What you are asked to do =>
Below are the entries; give again exactly the lines from the one mentioning "Nhà phố ba tầng" through the one mentioning "当院から片道16キロ圏内*が訪問可能エリアになります。", inclusive.

Provided data =>
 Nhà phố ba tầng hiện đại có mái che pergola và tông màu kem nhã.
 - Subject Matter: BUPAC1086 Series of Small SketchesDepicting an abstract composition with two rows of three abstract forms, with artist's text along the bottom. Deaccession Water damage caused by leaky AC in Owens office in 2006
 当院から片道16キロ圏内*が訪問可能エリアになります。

---

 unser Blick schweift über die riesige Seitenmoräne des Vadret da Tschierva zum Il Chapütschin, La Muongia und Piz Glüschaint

* * *

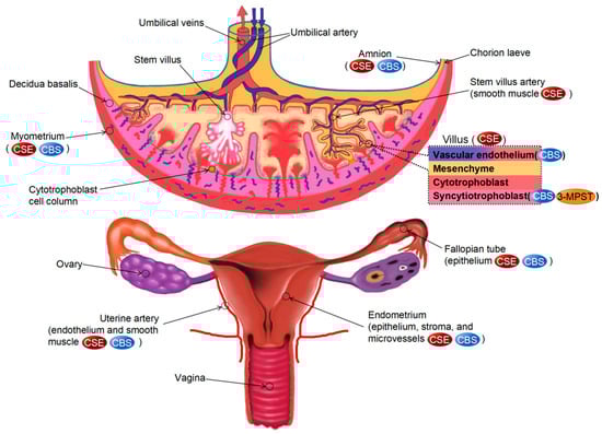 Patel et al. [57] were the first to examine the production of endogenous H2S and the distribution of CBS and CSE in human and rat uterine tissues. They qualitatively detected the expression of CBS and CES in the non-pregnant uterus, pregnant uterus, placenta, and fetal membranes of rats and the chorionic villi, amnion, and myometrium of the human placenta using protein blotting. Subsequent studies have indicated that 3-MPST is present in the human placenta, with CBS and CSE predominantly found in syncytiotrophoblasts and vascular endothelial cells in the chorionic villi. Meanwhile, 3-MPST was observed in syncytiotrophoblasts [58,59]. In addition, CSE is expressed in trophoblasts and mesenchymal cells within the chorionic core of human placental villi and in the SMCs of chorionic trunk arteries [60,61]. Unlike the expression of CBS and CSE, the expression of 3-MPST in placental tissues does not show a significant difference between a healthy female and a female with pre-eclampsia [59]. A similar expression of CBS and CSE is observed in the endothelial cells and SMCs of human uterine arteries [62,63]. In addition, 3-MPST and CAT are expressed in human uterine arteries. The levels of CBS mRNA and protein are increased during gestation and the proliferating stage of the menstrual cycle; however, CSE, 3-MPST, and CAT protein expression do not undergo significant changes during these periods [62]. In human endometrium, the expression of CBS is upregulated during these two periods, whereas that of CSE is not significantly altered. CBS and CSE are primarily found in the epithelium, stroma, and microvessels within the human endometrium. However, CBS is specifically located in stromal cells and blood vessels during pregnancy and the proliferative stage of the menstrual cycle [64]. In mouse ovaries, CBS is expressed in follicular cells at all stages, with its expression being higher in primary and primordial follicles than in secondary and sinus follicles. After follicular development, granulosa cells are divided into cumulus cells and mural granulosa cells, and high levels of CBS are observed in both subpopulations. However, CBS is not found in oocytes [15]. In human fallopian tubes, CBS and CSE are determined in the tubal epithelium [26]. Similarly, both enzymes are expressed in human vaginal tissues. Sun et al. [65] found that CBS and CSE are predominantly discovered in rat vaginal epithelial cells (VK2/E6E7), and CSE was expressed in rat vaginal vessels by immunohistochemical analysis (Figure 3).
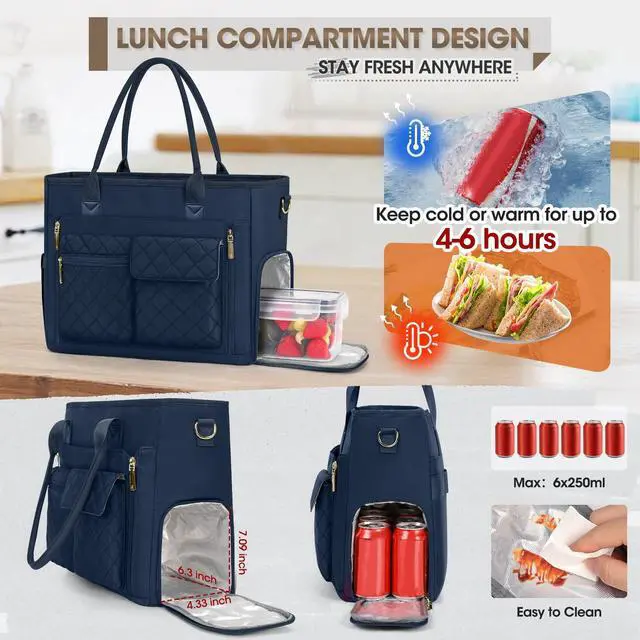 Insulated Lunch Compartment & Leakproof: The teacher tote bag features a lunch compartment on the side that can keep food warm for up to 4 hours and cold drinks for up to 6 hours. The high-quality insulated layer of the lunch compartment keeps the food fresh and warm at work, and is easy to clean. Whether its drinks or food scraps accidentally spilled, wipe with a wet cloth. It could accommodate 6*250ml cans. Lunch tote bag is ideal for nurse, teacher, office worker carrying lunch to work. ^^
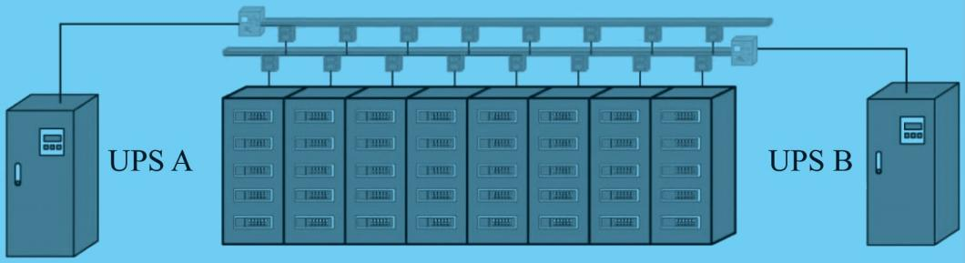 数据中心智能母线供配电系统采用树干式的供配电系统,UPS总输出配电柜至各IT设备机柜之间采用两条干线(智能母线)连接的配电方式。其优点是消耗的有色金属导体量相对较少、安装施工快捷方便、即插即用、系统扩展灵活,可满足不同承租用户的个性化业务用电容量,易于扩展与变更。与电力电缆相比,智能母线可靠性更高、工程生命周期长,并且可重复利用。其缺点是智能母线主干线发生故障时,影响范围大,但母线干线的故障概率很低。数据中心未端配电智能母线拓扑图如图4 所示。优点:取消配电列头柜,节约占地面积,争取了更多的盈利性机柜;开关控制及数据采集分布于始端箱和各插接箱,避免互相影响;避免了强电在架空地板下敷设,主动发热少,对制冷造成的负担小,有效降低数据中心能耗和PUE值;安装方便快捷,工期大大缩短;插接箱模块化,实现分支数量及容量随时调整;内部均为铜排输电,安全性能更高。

Solution to this exercise =>
 Nhà phố ba tầng hiện đại có mái che pergola và tông màu kem nhã.
 - Subject Matter: BUPAC1086 Series of Small SketchesDepicting an abstract composition with two rows of three abstract forms, with artist's text along the bottom. Deaccession Water damage caused by leaky AC in Owens office in 2006
 当院から片道16キロ圏内*が訪問可能エリアになります。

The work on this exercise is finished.